Staatsanleihen-ETFs bilden Anleihen von Staaten ab, meist mit guter Bonität wie Deutschland oder breit gestreut über die Eurozone – das Ausfallrisiko gilt als vergleichsweise gering. Unternehmensanleihen-ETFs bilden Anleihen von Unternehmen ab und bieten dafür in der Regel eine höhere Verzinsung, tragen aber ein zusätzliches Kreditrisiko: Gerät ein Unternehmen in Schieflage, kann das die Anleihe im Wert mindern oder im Extremfall zum Ausfall führen.

Was bedeutet Duration konkret für mein Depot?

Die Duration gibt näherungsweise an, um wie viel Prozent sich der Kurs eines Anleihen-ETFs bei einer Zinsänderung von einem Prozentpunkt bewegt. Ein ETF mit einer Duration von 7 verliert bei einem Zinsanstieg um 1 Prozentpunkt rund 7 % an Wert, bei einem Zinsrückgang gewinnt er entsprechend. Kurzläufer-ETFs mit niedriger Duration schwanken deutlich weniger als Langläufer-ETFs, bieten dafür meist eine niedrigere laufende Verzinsung.

Sind Anleihen immer der 'sichere Hafen' im Depot?

Nicht pauschal. In den meisten Marktphasen entwickeln sich Anleihen und Aktien unterschiedlich, sodass Anleihen Verluste bei Aktien teilweise abfedern. Es gibt aber auch Phasen, in denen beide Anlageklassen gleichzeitig fallen – etwa wenn stark steigende Zinsen sowohl Aktienbewertungen als auch Anleihenkurse belasten. Anleihen reduzieren die Schwankung im Depot im Durchschnitt, sind aber keine Garantie gegen gleichzeitige Verluste in jeder Marktlage.

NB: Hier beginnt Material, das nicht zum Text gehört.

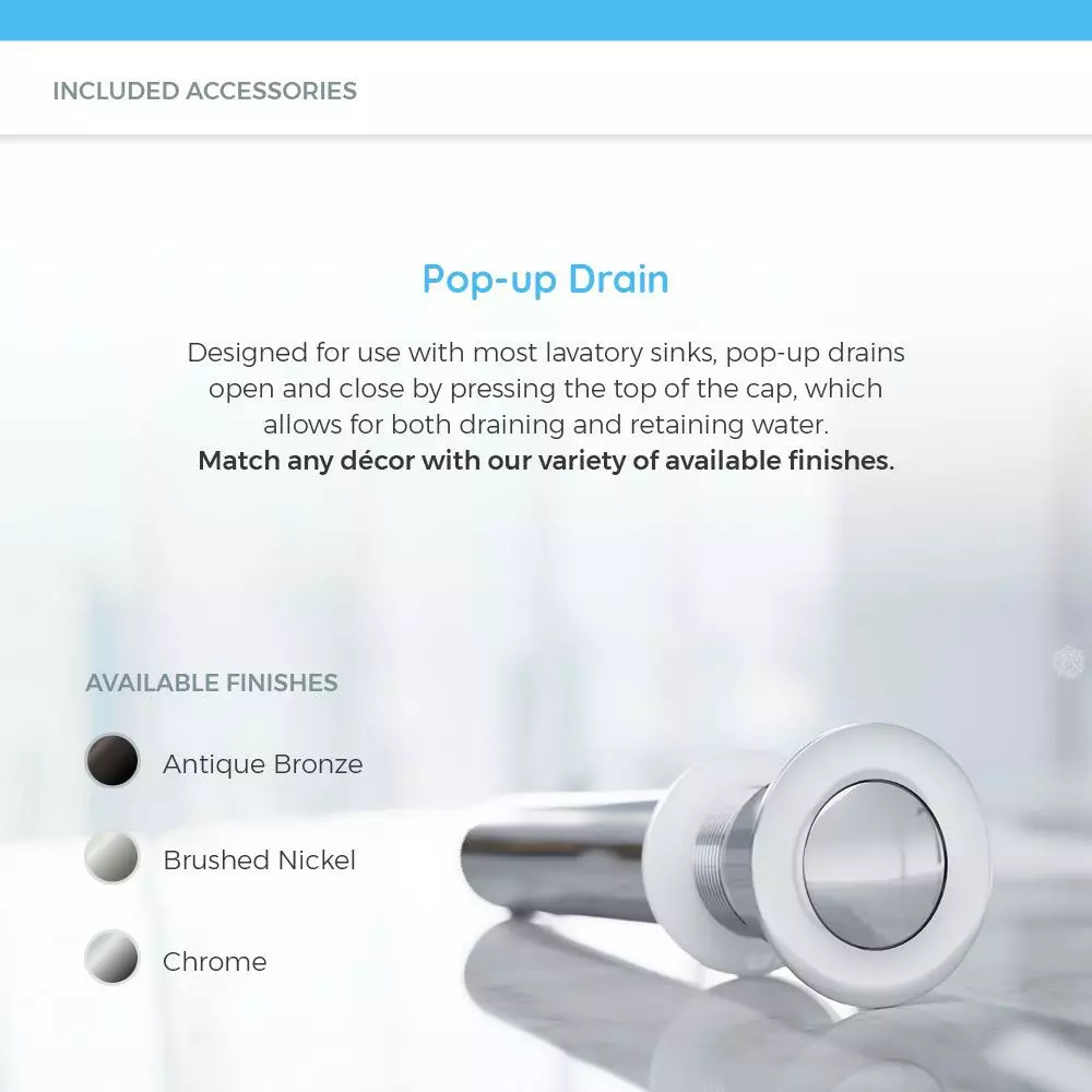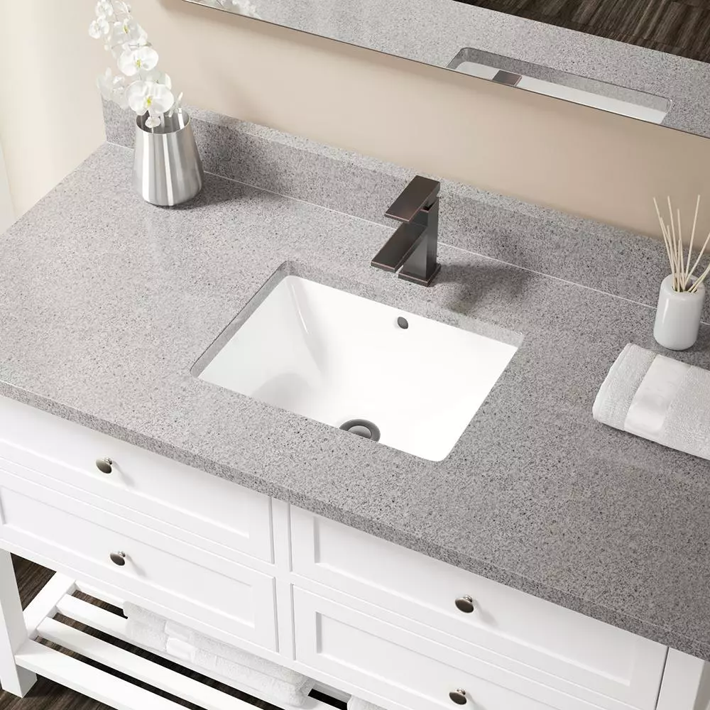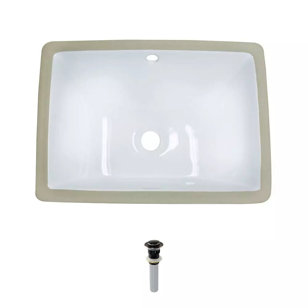 The U1611-White porcelain undermount sink is made from true vitreous china which is triple glazed and triple fired to ensure your sink is durable and strong. Undermounting the bathroom sink creates a sleek look and allows for more space on your countertop. The overall dimensions for the U1611-White are 18-1/4 in. x 13 in. x 7-7/8 in. which require a 21 in. minimum cabinet size. As always, our porcelain sinks are covered under a limited lifetime warranty for as long as you own the sink. Additionally, a spring-loaded, pop-up drain is included, which opens and closes with a simple press to its attractive antique bronze cap.

Warum gibt es bei Anleihen-ETFs keine Teilfreistellung wie bei Aktien-ETFs?

Die Teilfreistellung nach dem Investmentsteuergesetz ist gestaffelt nach der Aktienquote eines Fonds: Aktienfonds mit mindestens 51 % Aktienanteil erhalten 30 % Teilfreistellung, Mischfonds mit mindestens 25 % Aktienanteil 15 %. Reine Anleihen-ETFs halten keine Aktien und fallen unter keine dieser Kategorien – der gesamte Ertrag unterliegt daher in voller Höhe der Abgeltungsteuer von 26,375 % zzgl. Kirchensteuer, soweit der Sparerpauschbetrag bereits ausgeschöpft ist.

Ab welchem Depotvolumen lohnt sich eine Anleihen-Beimischung?

Es gibt keine feste Untergrenze – entscheidend ist weniger das Volumen als der Anlagehorizont und die persönliche Schwankungsbereitschaft. Bei einem sehr langen Horizont von 15 Jahren oder mehr und hoher Risikotragfähigkeit reicht für viele Anleger:innen ein reiner Aktien-ETF aus. Rückt der Zeitpunkt näher, an dem das Kapital gebraucht wird, oder soll die Schwankung im Depot spürbar reduziert werden, wird eine Anleihen-Beimischung unabhängig vom Volumen relevant.

Kann ich Anleihen-ETFs auch besparen, oder eignen sie sich nur für eine Einmalanlage?

Anleihen-ETFs lassen sich genauso per Sparplan besparen wie Aktien-ETFs. In der Ansparphase mit noch langem Horizont überwiegt bei den meisten Anleger:innen jedoch der Aktienanteil deutlich, und die Anleihenquote wird erst mit zunehmender Nähe zum Zielzeitpunkt schrittweise erhöht – ein Ansatz, der in der Praxis auch als Lebenszyklusmodell bekannt ist.